BENEDICT Cumberbatch’s World War I drama Parade’s End has received four honours at this year’s Broadcasting Press Guild Awards.

The BBC drama series, co-starring Rebecca Hall, took home best drama and also won individual prizes for best actor and best actress, as well as one for Sir Tom Stoppard, who took the writer’s award for adapting Ford Madox Ford’s novels.

The show won widespread critical acclaim when it aired, often being described as a more high-brow alternative to Downton Abbey.

The awards, presented in London, were voted for by media journalists.

Another notable award went to ITV, which picked up best documentary for its expose on Jimmy Savile, which led to a national inquiry into child abuse.

Broadcast in October last year, Exposure: The Other Side of Jimmy Savile featured a series of interviews with alleged sexual abuse victims of the DJ and TV presenter, prompting a UK-wide police investigation into historical abuse.

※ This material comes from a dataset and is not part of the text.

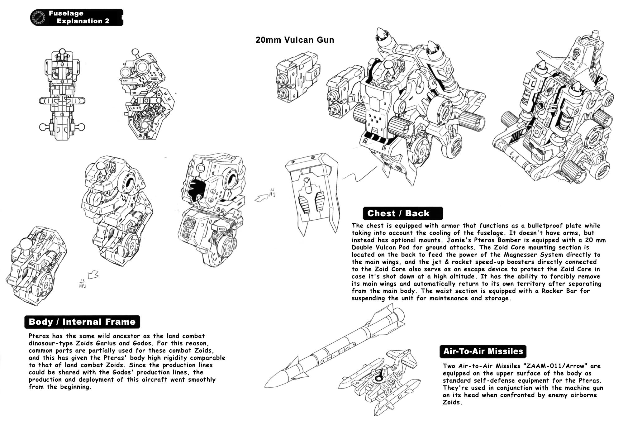 "Besides, Jamie! The Pteras may be an air combat Zoid, but its legs use the same tough frame as the Godos, and have been adjusted for more flexible movement..."

It set off a chain of events that resulted in the departure of the BBC’s then director general, George Entwistle.

John Humphrys, whose interview with Entwistle on Radio 4’s Today programme preceded the director general’s resignation, also won the Harvey Lee Award for outstanding contribution to broadcasting.

The judges hailed Humphrys’ “tenacious interviewing of politicians and others in the news”, saying that it had “made his name a byword for fearless inquisition”.

Last year’s Olympics coverage featured prominently among the other prizes, with the BBC recognised in the innovation category for its coverage of the 2012 sporting spectacular.

The accolade recognised the corporaton for its live and catch-up coverage of all 304 events across a number of platforms and devices.

While spoof BBC2 comedy series Twenty Twelve, which took a humorous look at the preparations for the games, was named best entertainment/comedy for what the judges called its “uncanny ability to predict real-life events”.

A further Olympics-related show earned Australian comedian Adam Hills the breakthrough award for his Channel 4 show The Last Leg, which offered an alternative view of each day’s sporting events during the 2012 Paralympics.

BBC2 also won awards for Shakespearean single drama The Hollow Crown: Richard II, documentary Inside Claridge’s and The Great British Bake Off, which was bestowed with the best factual entertainment award.